Records from a data collection:

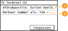 Hiermee bepaalt u waar op de verzonden fax de toegevoegde gegevens worden afgedrukt. Selecteer <Binnen beeldvlak> om de gegevens binnen het beeldvlak af te drukken of <Buiten beeldvlak> om de gegevens buiten het beeldvlak te plaatsen.
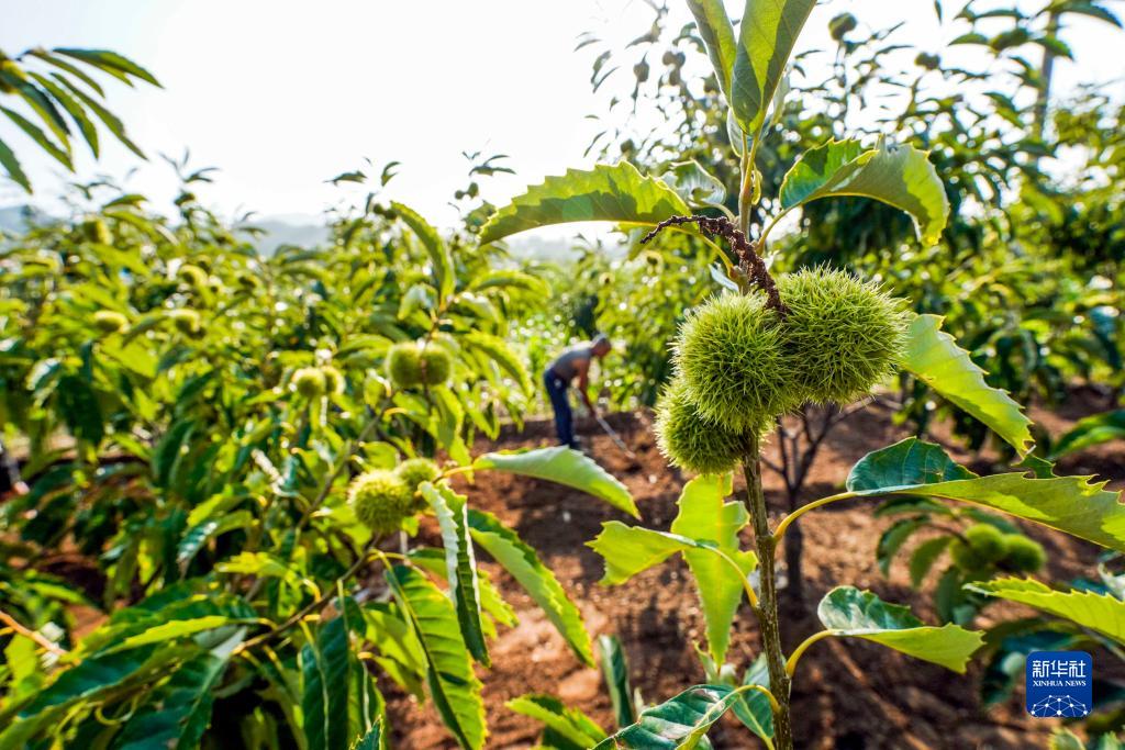 7月23日,河北省遵化市侯家寨鎮農民在栗樹(shù)果園整理樹(shù)下土地。
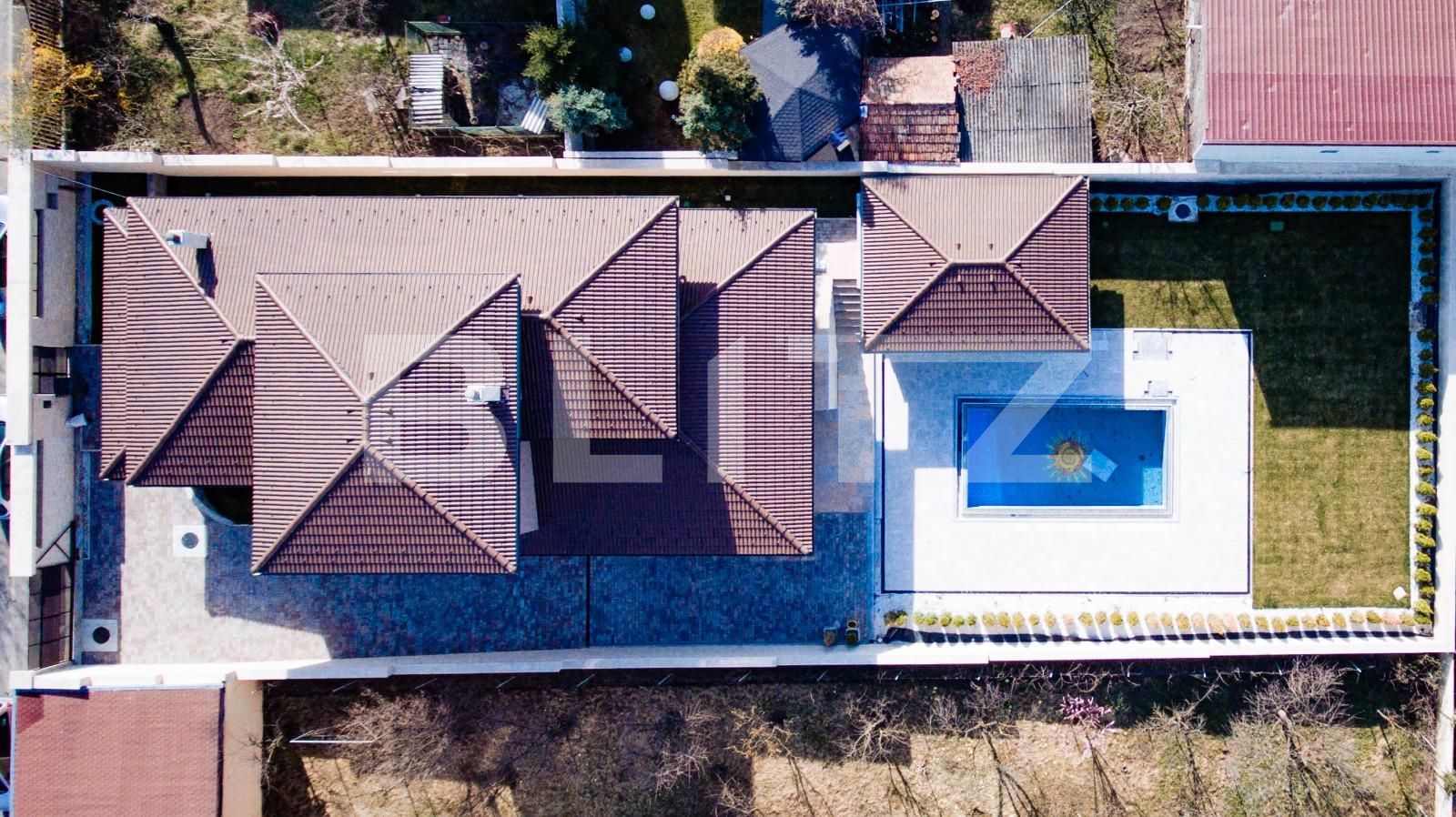 Curtea este amenajata cu gazon ce dispune de instalatie de irigat. Zona de recreere are o piscina functionala si un foisor ca sa va bucurati din plin de Soare pe parcursul intregului sezon cald. Proprietatea se vinde la stadiul de semifinisat la interior ceea ce va ofera posibilitatea sa o amenajati dupa propriile gusturi si sa va lasati amprenta pesonala, iar exteriorul este complet finisat. Cand doriti sa mergem la vizionare?
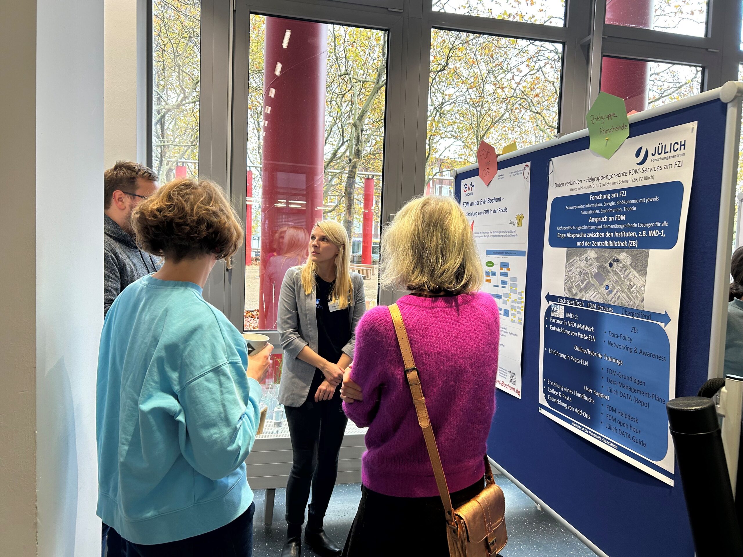 Am Nachmittag hatten die Teilnehmenden im Glaspavillon Gelegenheit, sich austauschen und voneinander zu lernen. Schon im Vorfeld waren sie eingeladen worden, das FDM an ihren Hochschulen und Institutionen in Posterform darzustellen. Die Poster waren dabei drei Tracks zugeordnet:
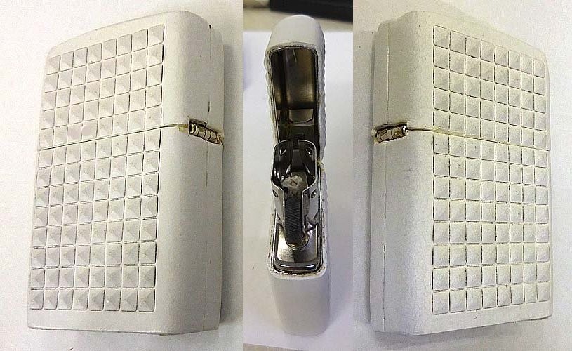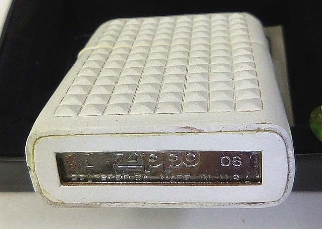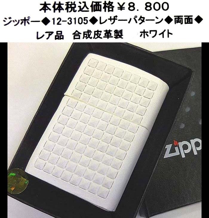 現物写真撮影、この写真の品が届きます。合成皮革巻加工ジッポーで、本革ではありません。一つ一つのマスの4面がピラミット状に加工された集合体ホワイト。新品未使用無傷のベスト品。廃番になっておりますので 、今後の入手困難品です。ビンゴが出品している全ての商品は、店頭販売、他オークション販売、ショッピング販売等重複し販売しております。時間差で売れ切れや、出荷点検検等で傷が付いていたり破損している事もあります。従いまして、お買い上げ頂きましても出荷出来ない場合も有りますので、予めご了承の上お買い求め下さい。ご注文商品は他商品と同梱配送出来ますので、何個ご注文されても送料は1口分です。1.レターパック発送 ¥600 日時指定不可。(郵便レターパック)。2.宅配便発送税込み ¥880日時指定必須(沖縄/離島は別途価格)。必ず 受取日時 をご指定下さい。(例:15日 18~20 時必着)再配達防止の為。 (業者は当社にお任せ)。3.代金引換発送引手数料税込み ¥1、210 日時指定必須(沖縄/離島は別途価格)。 必ず 受取日時 をご指定下さい。(例:15日 18~20 時必着)再配達防止の為。(業者は当社にお任せ)。
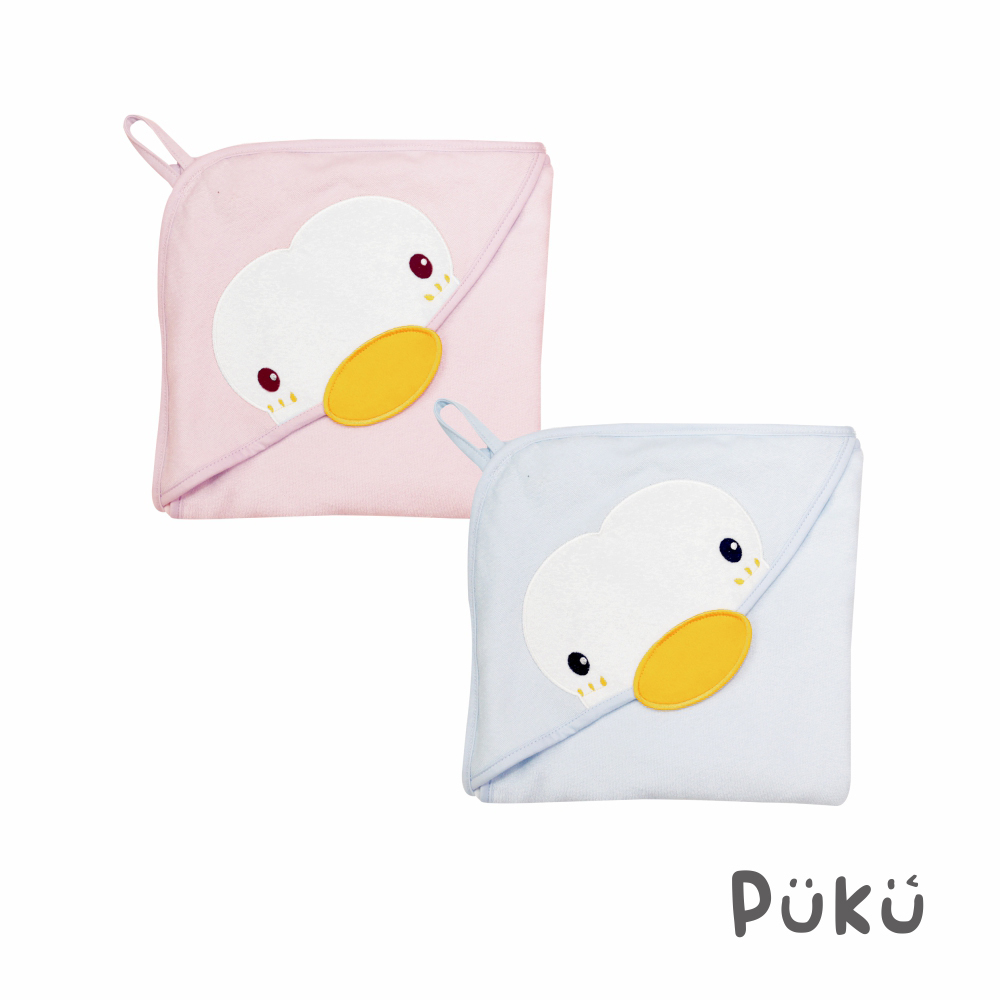 PUKU藍色企鵝 造型連帽紗布浴巾75x75cm(兩色)水色|粉色Bath Robes, Towels & Wash ClothsPUKU 藍色企鵝官方旗艦店
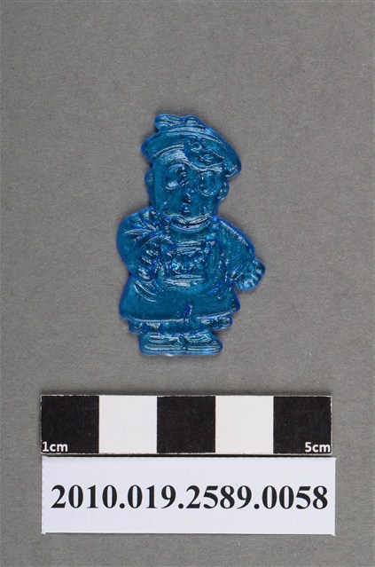 1.本物件為殭屍尪仔仙。硬質塑膠材質,扁平,單一藍色,雙面浮雕圖案,兩面圖案相同。圖案為Q版男性殭屍,因有橢圓形黑眼圈。其表情呈現疑惑貌,頭戴古代官帽,官帽上貼有1張符咒,符咒揚起,身穿古代官服,胸前有補子,身上掛有朝珠。一手往前舉,一手垂下。2.尪仔仙尺寸大致可分成小、中、大型,小型約長2-5公分,中型約長8-15公分,顏色以單色為主。有些大型的則可長達30公分左右,以菩薩、神仙和民間傳說故事人物等造型為主,塗上金銀紅黃彩漆等亮色。1960、70年代的尪仔仙多以民間傳說故事、歌仔戲、布袋戲人物為造型。1980年代改以卡通、電玩、漫畫人物造型為主。常見玩法之一為兩人(或多人)各持一只尪仔仙,輪流用手指彈射,看誰的尪仔仙先疊在對方上面,便可贏得對方用來對戰或是約定的尪仔仙。
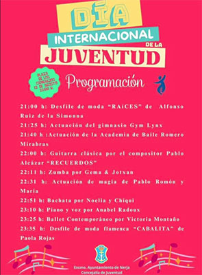 NERJA – De jaarlijkse evenementenserie ´Verano en Los Cangrejos´ in Nerja staat maandagavond 12 augustus in het teken van de Internationale Día de la Juventud (´Dag van de Jeugd´).
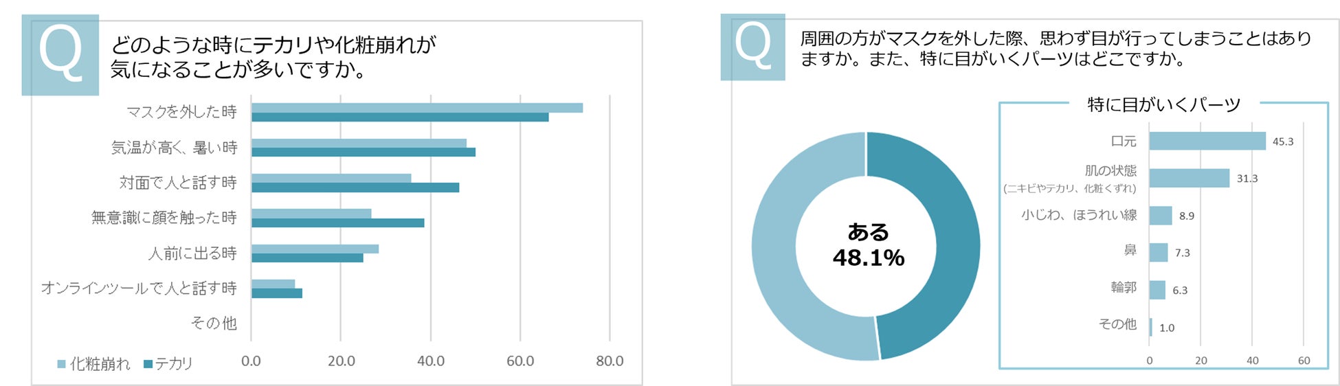 3割以上がマスク生活でもテカリや化粧崩れが気になったことがあるという結果に
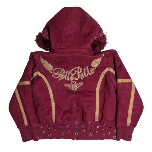 Vintage Pelle Pelle Leather Jacket Womens Size XL Bomber Studded Y2K Faux Fur. There's some blemishes throughout the jacket as pictured. Pilling on the sleeve cuffs and the hem. One of the studs on the hem is coming undone from the fabric and there's a small hole in the chest pocket. In fair overall condition. Angel wings
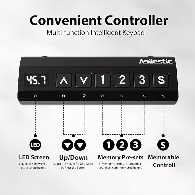 - 【Electric Adjustable Height】Agilestic's L-shaped standing desk features 6 control buttons plus 3 preset memory buttons, allowing you to adjust the height from 27.8" to 45.9". Enjoy versatile height settings for both standing and sitting tasks.

Work order:
Give again the stretch of the entries above that begins at the line with "Curtea este amenajata" and ends at the line with "Am Nachmittag hatten", word for word, with no pictures.

Exercise output:
 Curtea este amenajata cu gazon ce dispune de instalatie de irigat. Zona de recreere are o piscina functionala si un foisor ca sa va bucurati din plin de Soare pe parcursul intregului sezon cald. Proprietatea se vinde la stadiul de semifinisat la interior ceea ce va ofera posibilitatea sa o amenajati dupa propriile gusturi si sa va lasati amprenta pesonala, iar exteriorul este complet finisat. Cand doriti sa mergem la vizionare?
 Am Nachmittag hatten die Teilnehmenden im Glaspavillon Gelegenheit, sich austauschen und voneinander zu lernen. Schon im Vorfeld waren sie eingeladen worden, das FDM an ihren Hochschulen und Institutionen in Posterform darzustellen. Die Poster waren dabei drei Tracks zugeordnet:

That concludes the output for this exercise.